* [TASK TO CARRY OUT]:
The line with "I’ve been reaching" through the last line of the entries: give these again exactly, and only these, without any pictures.

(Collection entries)
● ● ● ●

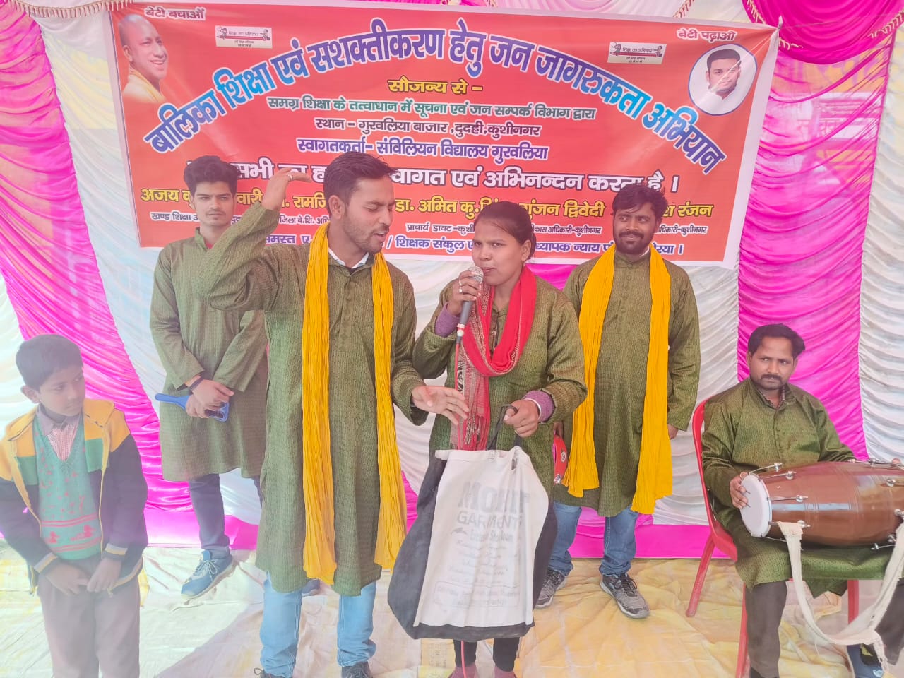कुशीनगर(राष्ट्र की परम्परा) गुरुवार को दुदही विकास खण्ड के न्याय पंचायत कोरेया के कंपोजिट विद्यालय, गुरवलिया में समग्र शिक्षा अभियान व सूचना एवं जनसंपर्क विभाग के द्वारा स्पेशल प्रोजेक्ट फॉर इक्विटी के अन्तर्गत, बालिका शिक्षा एवं सशक्तिकरण जन जागरूकता अभियान तथा बेसिक शिक्षा विभाग के निपुण भारत अभियान के तत्वावधान में, जन जागरुकता हेतु नुक्कड़ नाटक प्रस्तुत किया गया। नाटक में शिक्षा को बढ़ावा देने वाली सरकार की योजनाओं पर विशेष ध्यान दिया गया।
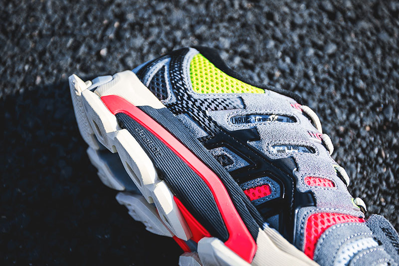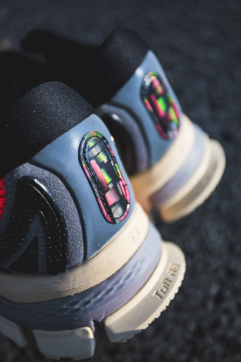 鞋身采用多种材质拼接打造,除了透气网布外,荔枝皮、麂皮、3M 反光材质、透明材质以及后跟镭射闪卡,都恰当的安置在鞋身的各处细节。
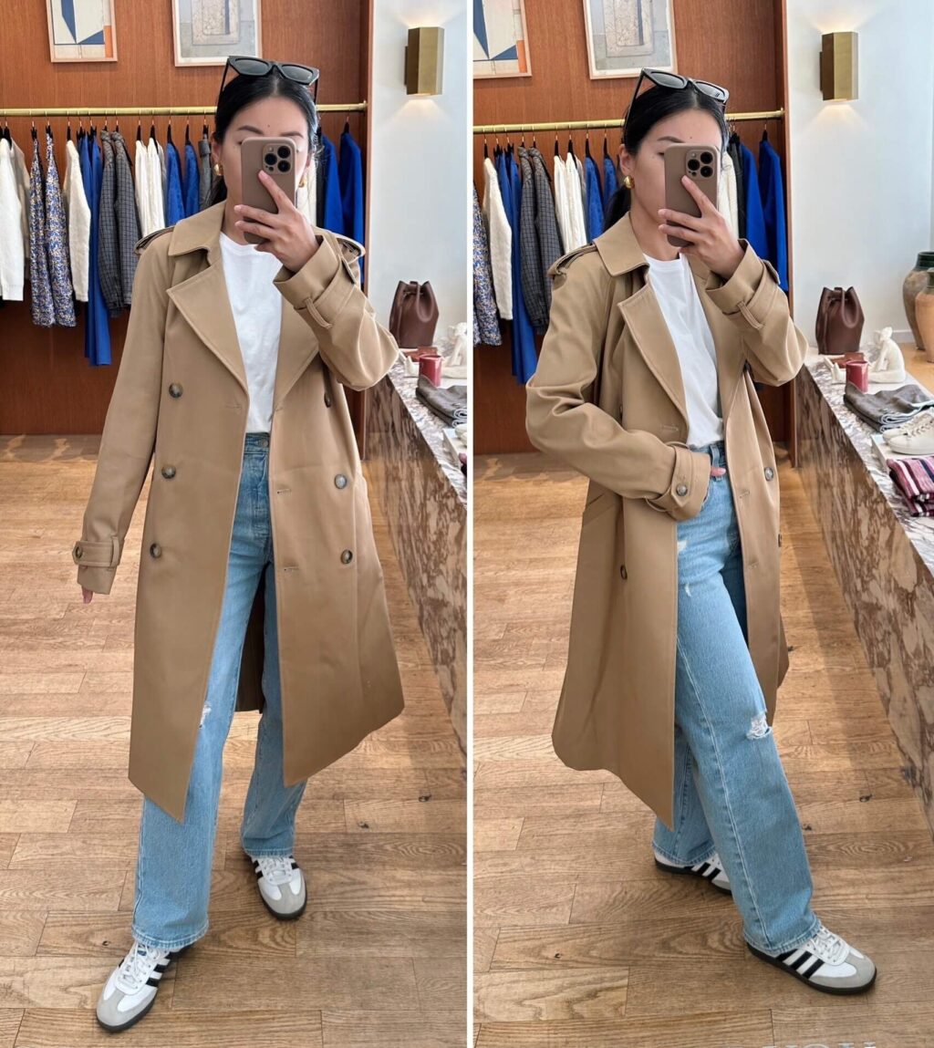 I’ve been reaching for my outsized drape Oak + Fort trench a ton (20% off utilized in cart for Labor Day), however for a extra conventional tailor-made trench that’s extra purposeful for damp climate, the Sézane Scott trench is a well-liked one yearly. The fabric is a sturdy weight, structured cotton material and is evenly coated to be water-repellant.
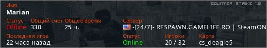 Играет на Counter Strike 1.6 сервере. Страна: СШАПервый раз замечен 22:57 31.01.2025
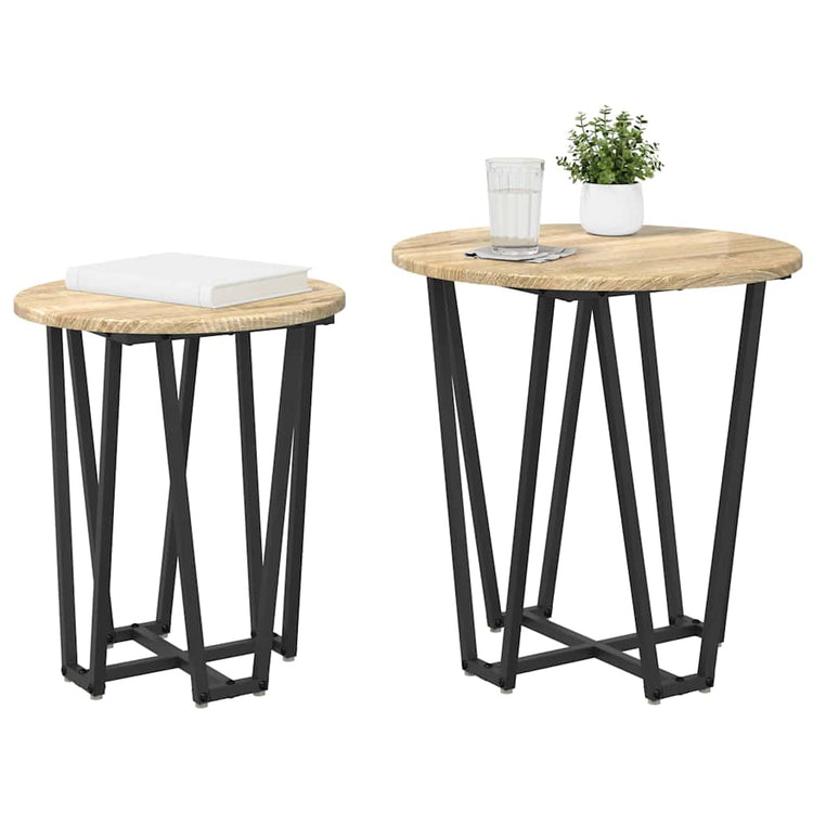 HKH Conjunto de 2 Mesas de Apoio Sonoma e em Carvalho - Preto
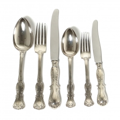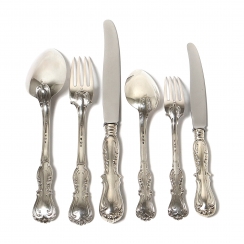 Набор небольших серебряных столовых приборов на 6 персон, 36 предметов. Дизайн "Принц Альберт" (Prince Albert).
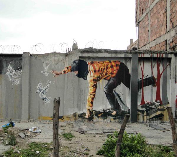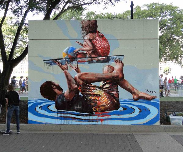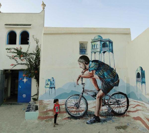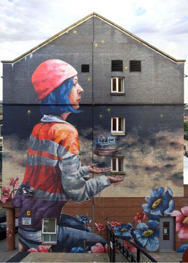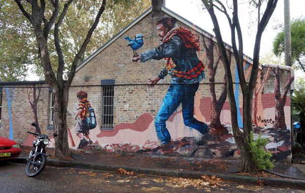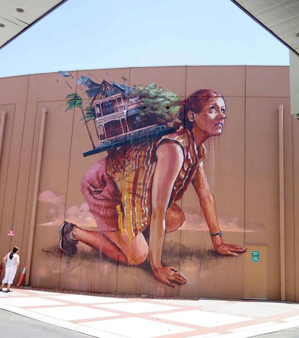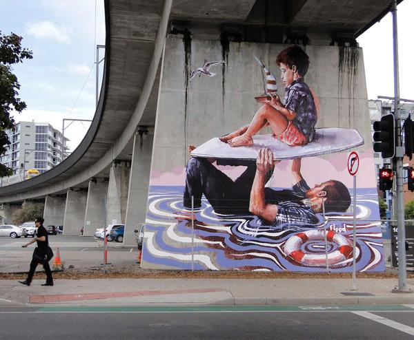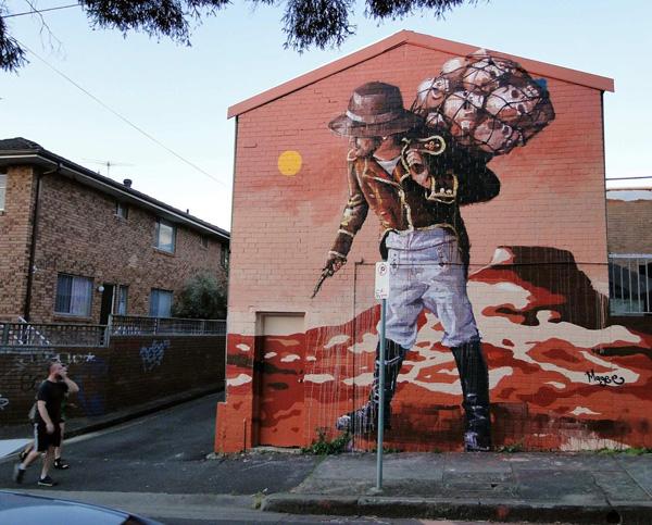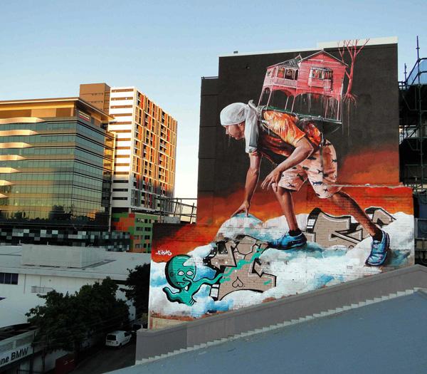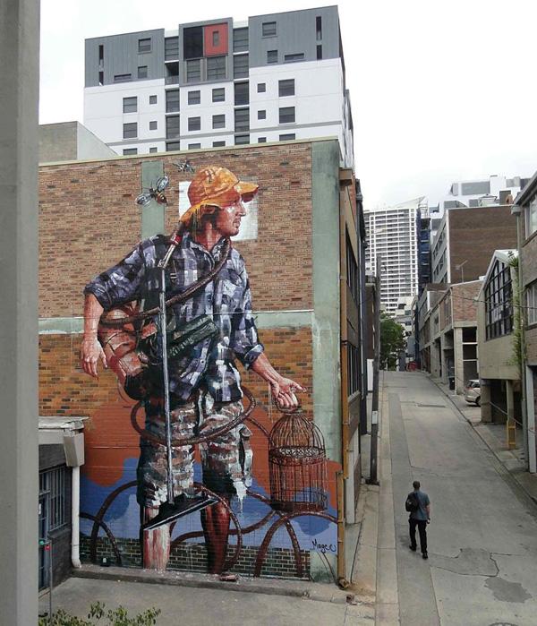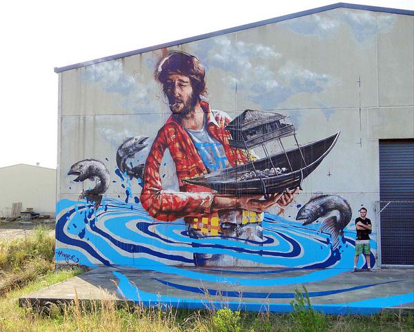 Fintan Magee is a recognised Australian street artist known for his murals throughout Queensland and later in New South Wales. Fintan’s works are featured by large figurative paintings with a touch of surrealistic style. Fintan has contributed a lot of iconic murals in Australia – “First Coat”, “The Tate Gallery”, etc.

● ● ● ●

* [ANSWER AREA]:
 I’ve been reaching for my outsized drape Oak + Fort trench a ton (20% off utilized in cart for Labor Day), however for a extra conventional tailor-made trench that’s extra purposeful for damp climate, the Sézane Scott trench is a well-liked one yearly. The fabric is a sturdy weight, structured cotton material and is evenly coated to be water-repellant.
 Играет на Counter Strike 1.6 сервере. Страна: СШАПервый раз замечен 22:57 31.01.2025
 HKH Conjunto de 2 Mesas de Apoio Sonoma e em Carvalho - Preto
 Набор небольших серебряных столовых приборов на 6 персон, 36 предметов. Дизайн "Принц Альберт" (Prince Albert).
 Fintan Magee is a recognised Australian street artist known for his murals throughout Queensland and later in New South Wales. Fintan’s works are featured by large figurative paintings with a touch of surrealistic style. Fintan has contributed a lot of iconic murals in Australia – “First Coat”, “The Tate Gallery”, etc.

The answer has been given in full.